@Stefan_Salewski \- The idea of defaulting to an optimizing mode has come up 
before. It seems contrary to what almost any user coming from a "compiled 
language" world would expect. For various reasons (debugability, compile-time 
performance, etc.), almost all compilers default to a non-optimized (or very 
weakly optimized) output and allow various knobs to crank up optimization, as 
does the current `nim` setup.

There is even a whole dark art of "best optimization flags" which can be taken 
[to severe extremes](https://github.com/Acovea/libacovea). More 
simply/efficiently/some might say intelligently, you can often use PGO 
[https://forum.nim-lang.org/t/6295](https://forum.nim-lang.org/t/6295) to get 
1.25..2.0x boosts on object code generated from nim-generated C. Some flags 
like `-ffast-math` can even change semantics in subtle ways that can impact 
correctness or not depending on use cases.

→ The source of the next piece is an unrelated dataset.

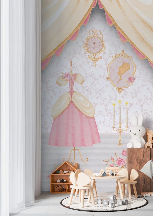 Mural de impresión digital diseño princesas y cuentos de hadas. Medidas: 8,80 m x 0,53 m (3 paneles de 0,53 m). Case: Sin case. Calidad: Tejido no Tejido. Estilo: Infantil/Juvenil. Acabado: Mate.
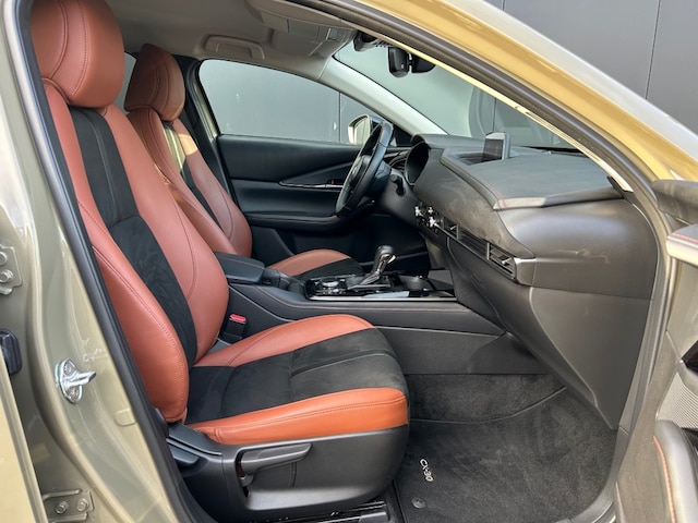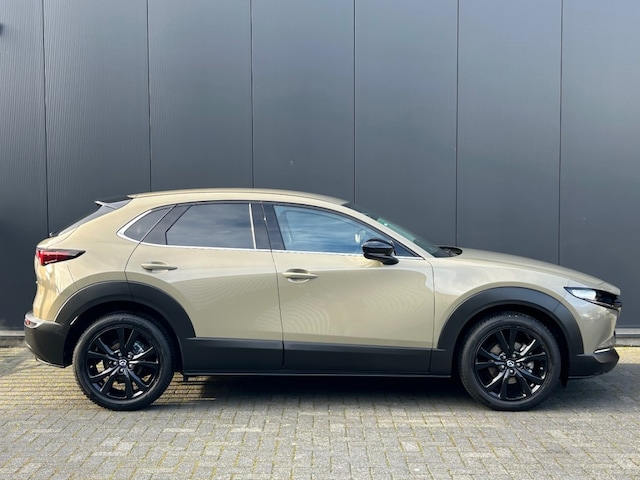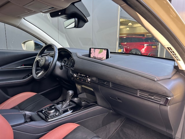 Keurige Mazda CX-30 2.0 Nagisa Automaat voorzien van half lederen interieur, adaptieve cruise control, navigatie full map, head up display, Apple Carplay, Android Auto, achteruitrijcamera, parkeersensoren, BOSE sound, privacy glas, sportvelgen met 4-seizoensbanden en een afneembare trekhaak 1.300kg.

I don't know what to do about people publicizing misleading benchmarks. That 
seems an ineliminable hazard, not only for Nim, but actually **_everywhere and 
all the time_** , and often not on purpose (though most "marketing" wants to do 
strawman comparisons on purpose). Besides compiling wrong, they could also use 
a bad algorithm, misrepresentative inputs, weird machines, benchmarks naive 
relative to intended measurements, and probably several other mistake 
categories. :-/ The best strategy may be trying to be supportive where & when 
we can, educating as we go, though I agree/admit that is a neverending battle.